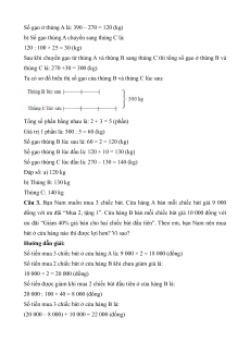đó số gạo ở thùng B bằng 2 số gạo ở thùng C. Hỏi lúc đầu ở mỗi thủng có bao nhiêu 3 ki-lô-gam gạo? Hướng dẫn giải:
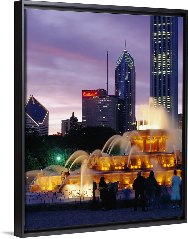 <p>Vertical photograph on a large wall hanging of Buckingham Fountain, lit at night, in Grant Park, Chicago, Illinois. Skyscrapers in the background include, the Prudential building and the Crain Communications Building.</p>
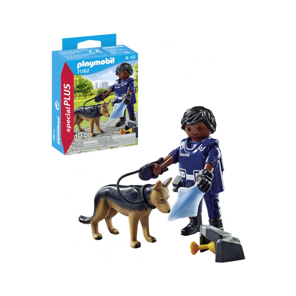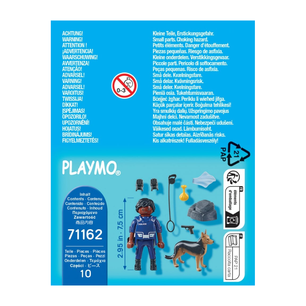 Policier et son chien de recherche - Playmobil - Spécial plus - City action - 10 pièces - multicolore - dès 4 ans - EAN 4008789711625.
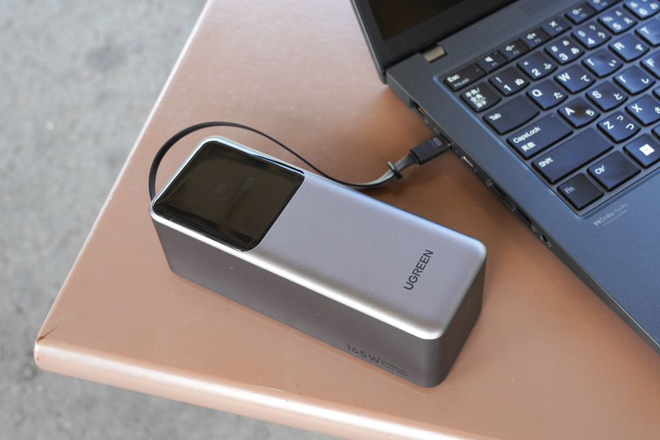 普段使いのモバイルバッテリーはちょっと容量が足りない。外出先でスマホよりタブレットやPCを使うことが多い。そんな人にちょうどいい容量大きめのモバイルバッテリーが、UGREENの「Nexode 巻き取り式 USB-Cケーブル内蔵 モバイルバッテリー 20000mAh 165W(PB726)」だ。
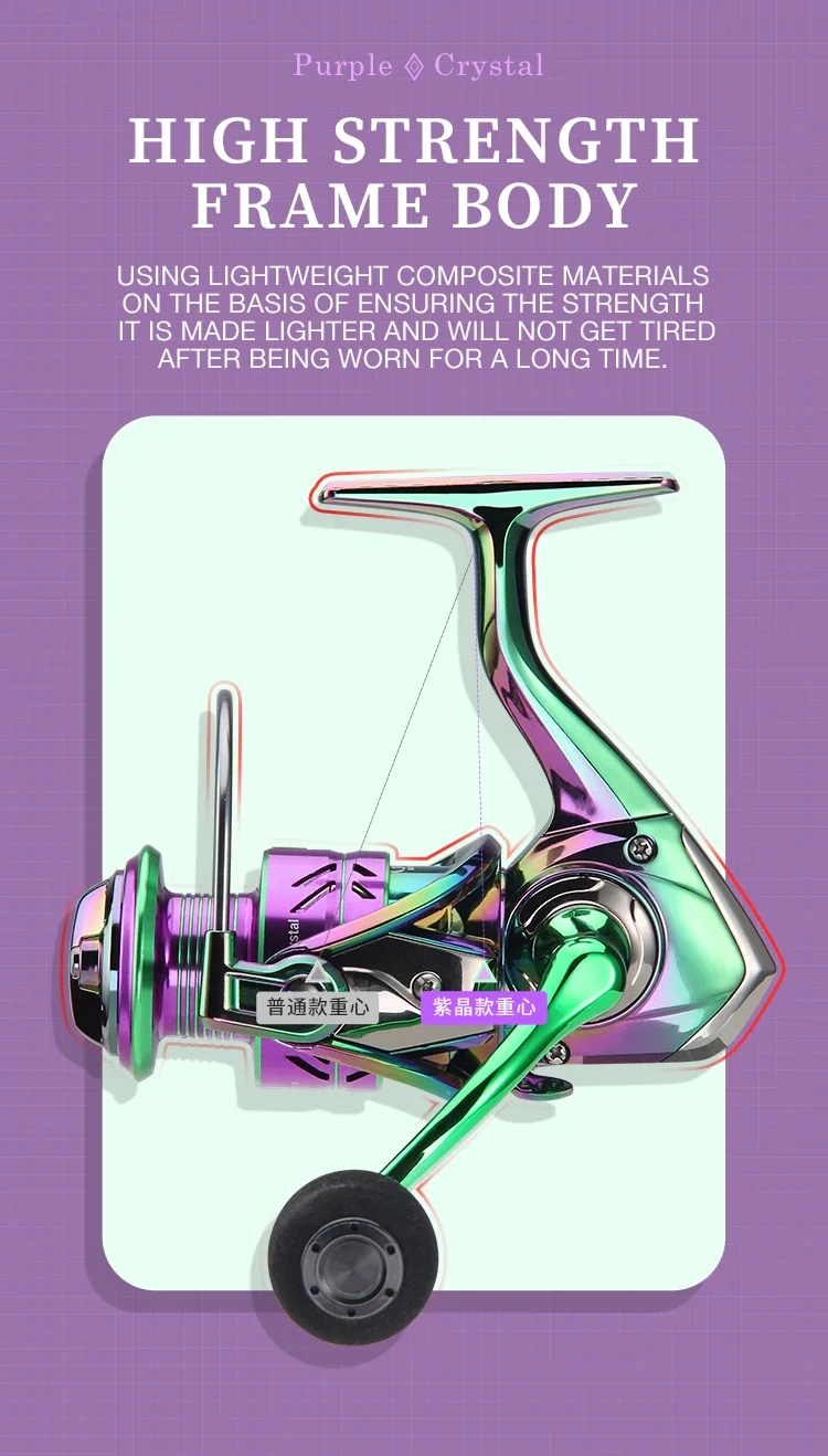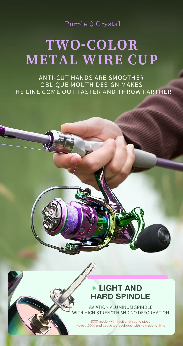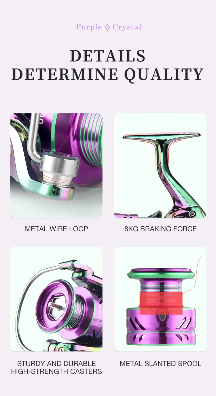 Carrete giratorio de pesca colorido PC1000-7000, relación de engranaje 5,2: 1 3 + 1BB con sistema de arrastre de 2205 libras, perfecto para agua salada y dulce

____

## Your task:
Copy out the lines above in full and unaltered, apart from the pictures.

## Solution to this exercise:
đó số gạo ở thùng B bằng 2 số gạo ở thùng C. Hỏi lúc đầu ở mỗi thủng có bao nhiêu 3 ki-lô-gam gạo? Hướng dẫn giải:
 <p>Vertical photograph on a large wall hanging of Buckingham Fountain, lit at night, in Grant Park, Chicago, Illinois. Skyscrapers in the background include, the Prudential building and the Crain Communications Building.</p>
 Policier et son chien de recherche - Playmobil - Spécial plus - City action - 10 pièces - multicolore - dès 4 ans - EAN 4008789711625.
 普段使いのモバイルバッテリーはちょっと容量が足りない。外出先でスマホよりタブレットやPCを使うことが多い。そんな人にちょうどいい容量大きめのモバイルバッテリーが、UGREENの「Nexode 巻き取り式 USB-Cケーブル内蔵 モバイルバッテリー 20000mAh 165W(PB726)」だ。
 Carrete giratorio de pesca colorido PC1000-7000, relación de engranaje 5,2: 1 3 + 1BB con sistema de arrastre de 2205 libras, perfecto para agua salada y dulce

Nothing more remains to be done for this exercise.